First, if someone wants a vibration specification set to mils displacement, then the sensor utilized to measure this should be measuring that as it's native units, such as a proximity probe.  That said, the proper units to read would be peak to peak.  Because displacement readings are weighted toward low frequency and higher frequencies tend to be attenuated, why would someone choose that parameter for acceptance?  I can only think of one reason for using it and that would be for assurances of clearances in turbo machinery, sleeve bearings, etc.

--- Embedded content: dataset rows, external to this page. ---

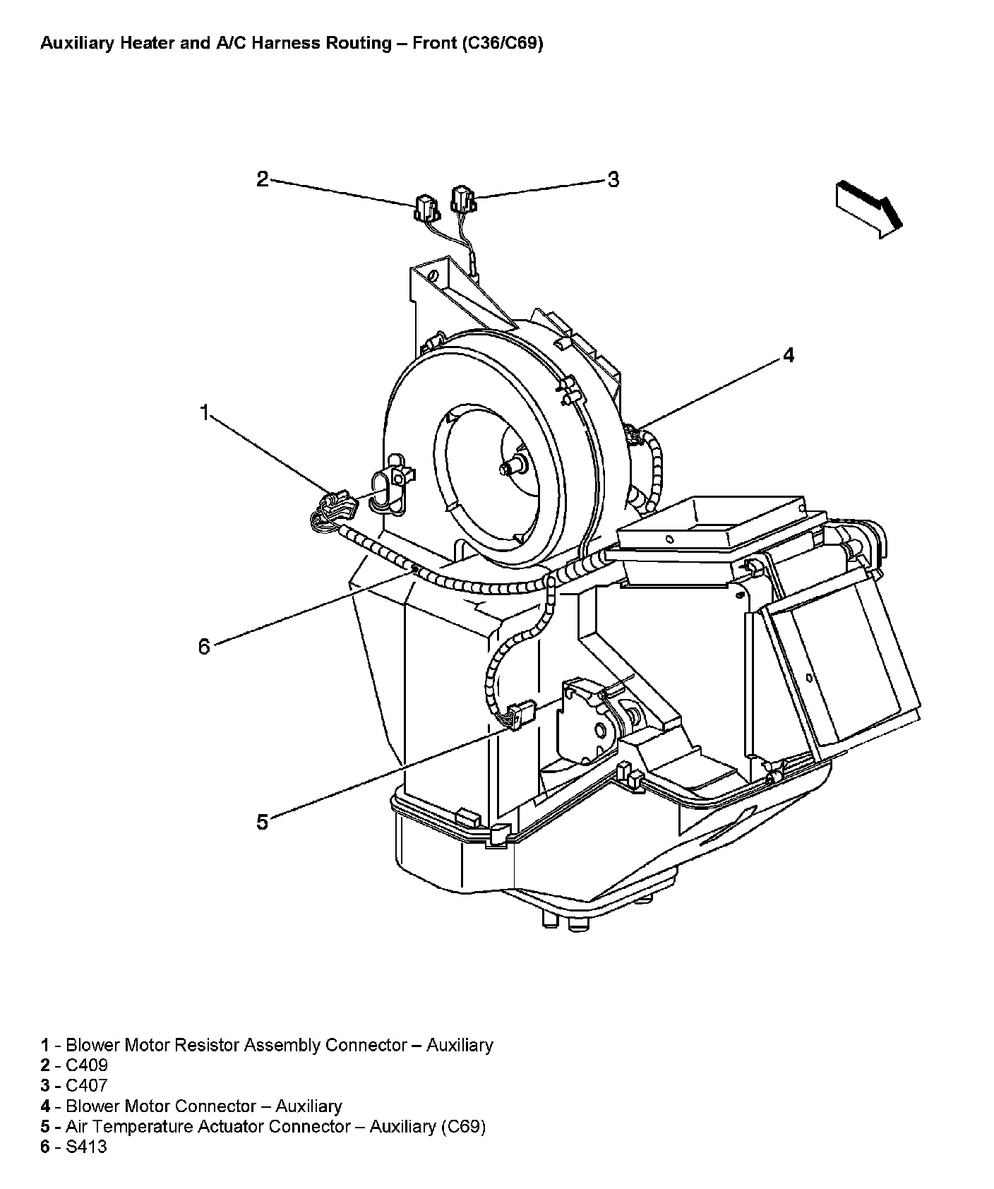Auxiliary Heater and A/C Harness Routing - Front (With RPO Code C36/C69)
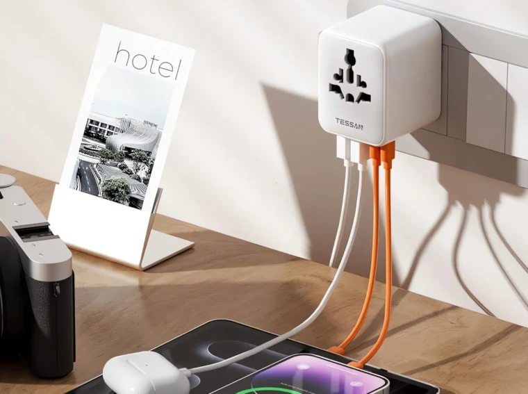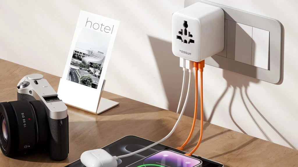 TESSAN includes several safety features that are commonly expected in modern travel adapters. The built‑in 8A fuse provides overload protection, and the unit ships with a spare fuse for emergencies. The casing uses flame‑retardant materials, and the internal design is structured to prevent short circuits. These features are highlighted across the official product page, and they contribute to the adapter’s reliability during extended travel.
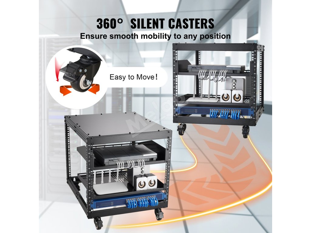 Je vybavený hornou policou na dodatočné uloženie a ochranu vášho zariadenia, zatiaľ čo pojazdné kolieska uľahčujú premiestňovanie otvoreného rámového stojana kamkoľvek potrebujete. Zažite mobilitu bez námahy a väčšie pohodlie pri každom pohybe!

Velocity readings are much better suited to giving an overall look at a wide frequency range.


Ron Brook


Hi Ron,

Thanks for the feedback. The machinery we are monitoring has sleeve bearings.  They are 2000 hp pump units and operate between 450 - 695 rpms.  We are tracking displacement due to thrust (mils), vibration displacement (mils pk-pk; or in our case mils rms), and vibration velocity  (in/sec rms). I've been taught that vibration displacement is best for machines operating below 600 rpms.  I don't know how true that is, but we do monitor displacement and velocity.  For most of our smaller, higher speed pumps we use velocity readings for acceptance testing.

Kind regards,




Vibration readings can be expressed in different ways some of which are common and standard. You may want to keep using mil rms for your sleeve bearing machines but you take a risk of misinterpreting the readings if you use references based on mil p-p. Bode plot, for example, will be difficult to interpret.

Using mil rms after converting mil p-p for shaft vibration (classic horizontal machines) may twist some of the results. For example, vibration alarms are harder to trigger from rms readings when the signal has spikes. Trends in rms are smoother and less sensitive to temporary vibration changes.

Can you share some vibration plots with these mil rms readings? I'm sure it's going to be interesting to learn how you handle the analysis.